Research Projects

The primary aim of this work is to determine the distribution of atomic hydrogen from thermospheric altitudes, into the exosphere on the nightside of the earth. The approach is the coupled analysis of ground-based atomic hydrogen Balmer-alpha and Balmer-beta intensities and line profiles by forward radiative transport (RT) modeling.

Existing and new data of unprecedented precision from our Fabry-Perot instruments will be used for this purpose. This multi-line analysis technique utilizes the differing transport properties of hydrogen Lyman- beta (primarily responsible for Balmer-alpha), and Lyman-gamma (primarily responsible for Balmer-beta) in the terrestrial atmosphere.
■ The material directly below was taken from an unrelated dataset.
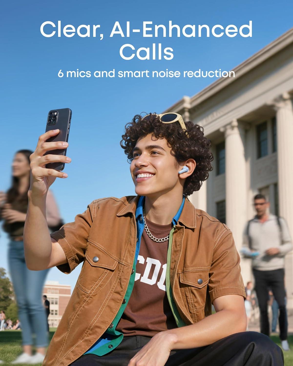 6 AI-Enhanced Mics for Clear Calls: Six microphones work with an AI noise reduction algorithm to separate your voice from background noise. The wind-noise reduction algorithm keeps calls clear even outdoors.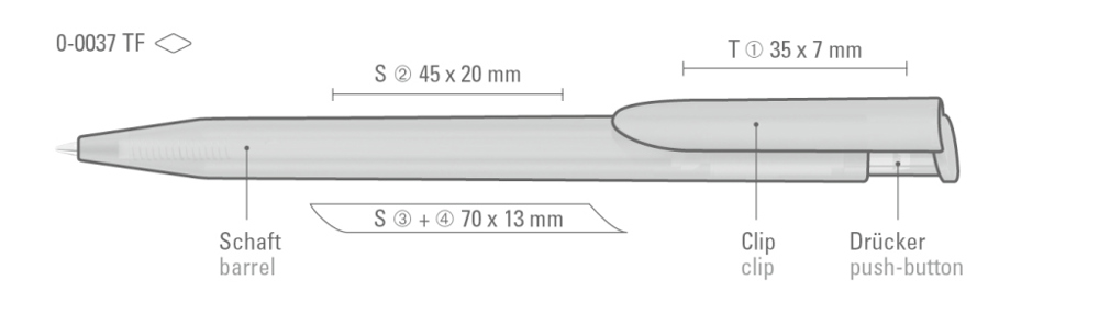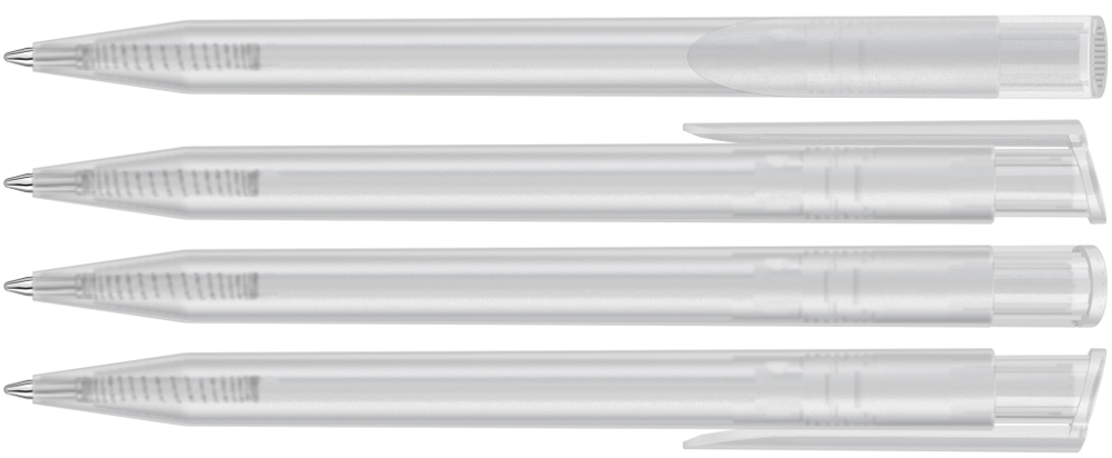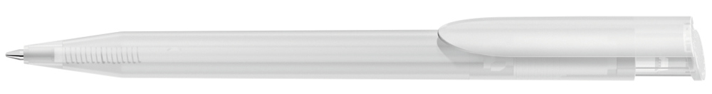 Druckkugelschreiber mit transparent gefrostetem Gehäuse und Clipdrücker.

By forward-model/data comparisons of the variation of the observed emissions with solar depression angle and viewing geometry we will retrieve hydrogen density profiles and other signatures of exospheric physics. Overall, the investigation aims to (1) determine the distribution of atomic hydrogen in the thermosphere and exosphere, (2) quantify how that distribution responds to changes in solar/geophysical conditions, (3) obtain high resolution Balmer-alpha and Balmer-beta line profiles to fully characterize cascade and multiple scattering contributions to the profile in the search for signatures of the exospheric satellite, ballistic and escaping particle populations, and (4) field- test and apply an innovative new class of interference spectrometer to geocoronal studies.